Go ahead and insert your buzzer into the holes next to the label BUZZER6. Make sure to match the plus leg with + on the noggin and the minus leg with - on the noggin.

#### The Path Of Electricity

Let’s examine the path of electricity here. As we’ve learned, we always need a complete loop in order for a circuit to work. In this case, the main power comes from pin 6, which we will program to turn off and on. Again, we have subways that connect pins together. Can you find the path of electricity below? It has been marked in yellow.

### Getting Our Buzzer To Make A Sound!

#### The Tone Block

It’s time to teach our robot to make a sound! Let’s start coding! To program our buzzer we will use the tone block.

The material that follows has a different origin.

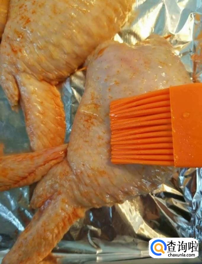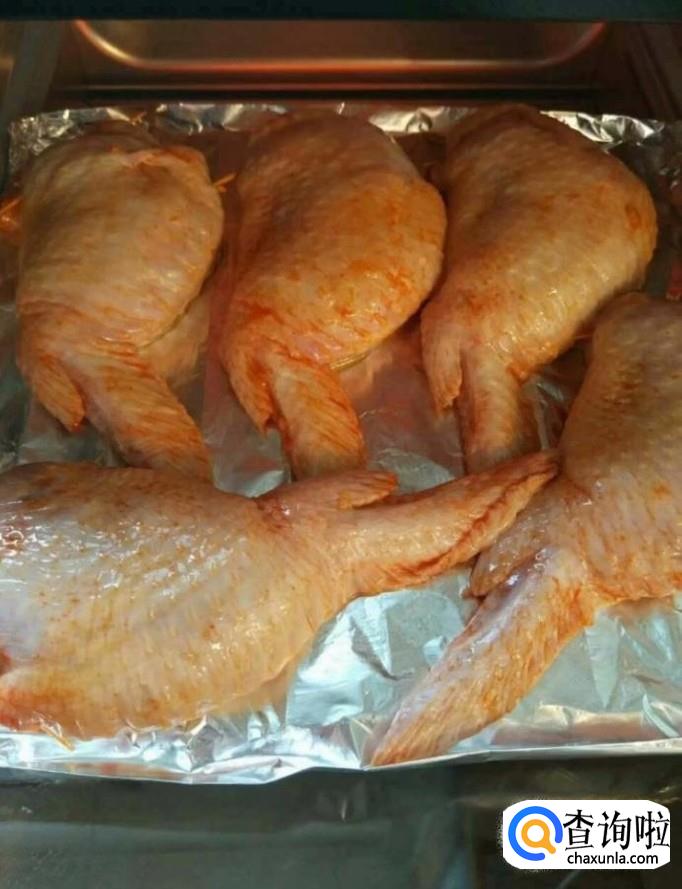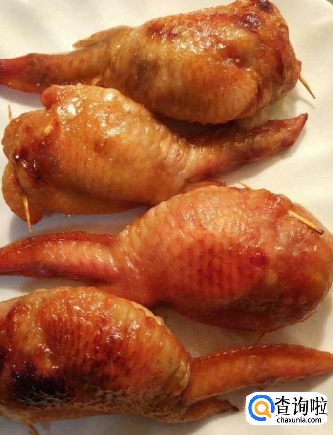 然后我们把烤箱预热5分钟,把鸡翅包饭放入烤箱,上下火180度烤10分钟,取出刷一层蜂蜜,再烤5分钟

The tone block, like the LED block, requires us to input two pieces of information. These pins include:

• The pin the buzzer is located on (pin 6), and
• The frequency of the tone we would like the buzzer to make

#### What is a frequency?

A frequency is the rate or speed that something goes back and forth. Did you know that all the sounds that you hear are from air being pushed back and forth at different speeds? If it is getting pushed back and forth very fast, you get a higher frequency sound, which is a high pitch sound. If it is getting pushed back and forth very slowly, you get a lower frequency sound, which is a low pitch sound. We’ll be creating these low and high frequency sounds using our buzzer circuit.

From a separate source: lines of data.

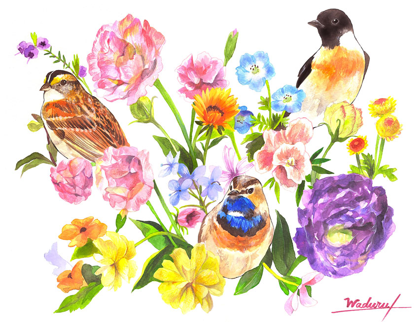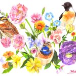 #水彩の魔術師の集い 💐私は花鳥の魔術師🦉 色鮮やかな花を鳥たちに添えて描き出す🎨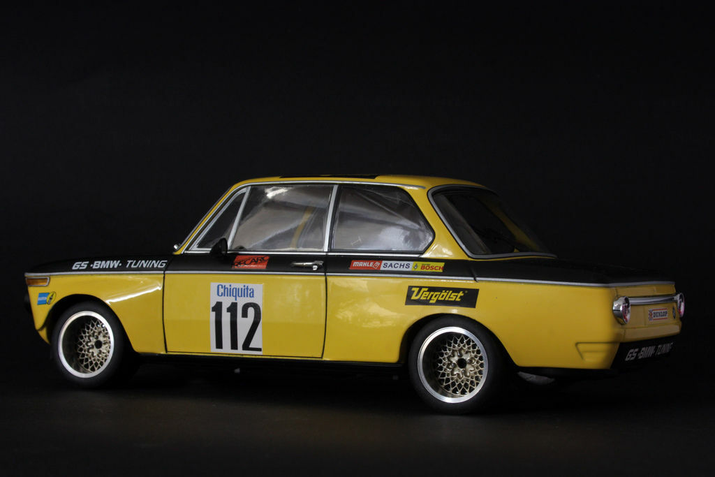 The paintwork of the BMW 2002 Gr.2 model by Minichamps is in a striking yellow and black scheme. The car bears the number 112 and various sponsor decals like Chiquita, Vergölst, and Dunlop. These details add historical authenticity and make the miniature look realistic and lifelike. The wheels have a intricate, fine design reminiscent of the original racing wheels, highlighting the sporty nature of the vehicle. All these features make the miniature a sought-after collector's item.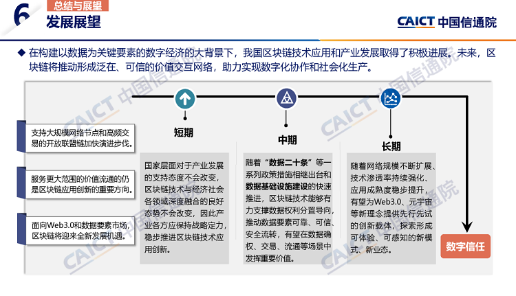 1. 区块链技术面向高扩展、高性能和高安全持续演进。当前,区块链技术沿公有链和联盟链两大技术路线分别演进,公有链聚焦高性能、高扩展性和高安全性强化技术创新,联盟链则面向自主化、广域化、规模化应用实现持续优化。当前融合二者优势的开放联盟链也迎来快速发展,有望成为Web3.0时代数据价值释放和协作共享的技术底座。

#### Frequencies and Music

Have you ever played piano? Each key on a piano creates a musical note, which is actually done through hammer striking strings that vibrate at specific frequencies. Musicians take these notes and combine them to sound good, which forms music! We’ll eventually be able to do this same thing but through our robot.

#### Our First Note

To start, let’s just play a single note. The code below plays frequency 440 forever. Try it out! The “TONE” block can be found by clicking on “Sounds”. If everything is wired correctly, you should hear a sound come out of your robot. Notice that we set the pin to #6 since the buzzer circuit is wiring to pin #6. Remember that you need to upload your code before your robot will start following your code instructions!

#### Frequency Table

The table below shows you all the different notes that you can play with your Barnabas-Bot. Can you find what note your code is playing? It’s A4!

#### Silence Is Golden

Now that your robot is making sounds, you might be wondering how we tell it to turn off. Well, we need the no tone block. The no tone block silences the buzzer. Notice again the pin # is 6.

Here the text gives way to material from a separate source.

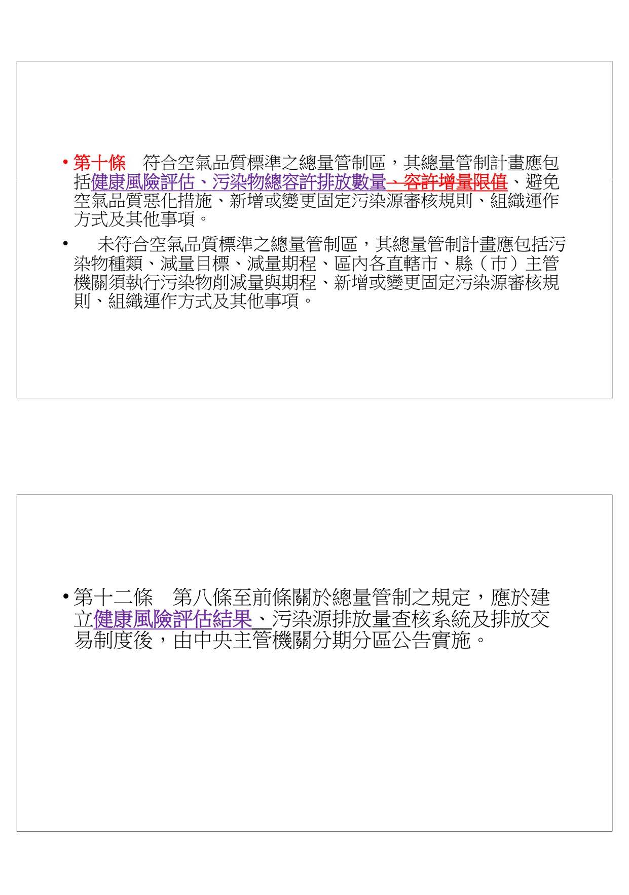 再來就是針對空污法有關總量管制規定的修訂,我們是建議第二條總量管制區的部分要用健康風險評估的量來制定總量。第六條的部分,我們建議刪除「模式模擬」,用健康風險評估來訂定這個量,而且是總容許排放數量;三級空品區的部分也一樣刪除模式模擬,而且不能容許增量限值,這都是不合理的,以上是第二項和第三項。第八條也是一樣,要依健康風險評估來訂定容許量。第九條的部分,我們建議將第一項第二款到第五款全部刪除,因為這樣規定不合理,在空污嚴重的三級空品區,不應該採用目前尚未嚴謹訂定的移動污染源或掃街來減量。第十條的部分,總量管制計畫裡面的量也是要根據健康風險評估來訂定。第十二條也是一樣。

However, much like the LED, we need to be clever in how we code the buzzer so that the buzzer actually behaves the way we want it to. Let us say that we are trying to have the buzzer make a tone for a small amount of time, then be silent for a similar amount of time. A common mistake is to just put the tone and no tone blocks into the “LOOP do” with nothing else accompanying them. Try uploading the coding and see what you hear. Remember to upload!

I’m not sure how I would describe the noise the above code makes, but it is definitely not what we are looking for. What’s happening is that the code is playing A4 and then turning it off right away before you can enjoy the sound, and then repeating forever. We have the same issue here that we had when first attempting the blinking light code. We need to add some wait blocks to slow it down so that we can hear the note and the silence.

### Practice!

Try the following exercises to get the hang of playing with the buzzer

1. Play “C4” forever!

2. Play “C4” for 1 second, and rest for 1 second. Repeat forever.

3. Play “C4” for ½ a second,, rest ½ a second. Repeat forever. Hint: ½ a second is the same as 0.5 seconds.

4. Make a siren sound using A4 and C4.

### Challenge!

Now challenge yourself to take things to the next step and have your robot play some more music!

1. Write code to do the following below. This is the first few notes of “Hot Cross Buns!”
• Play “B4 for 1 sec
• Rest for 1 sec
• Play “A4” for 1 sec
• Rest for 1 sec
• Play “G4” for 1 sec
• Rest for 1 second
• Repeat forever
2. Try playing these songs! Watch the videos to learn the notes. Next, create the code by matching the notes to the correct frequencies using the frequency table. You’ll need tone blocks, no tone blocks and wait blocks!
3. Play any song that you would like!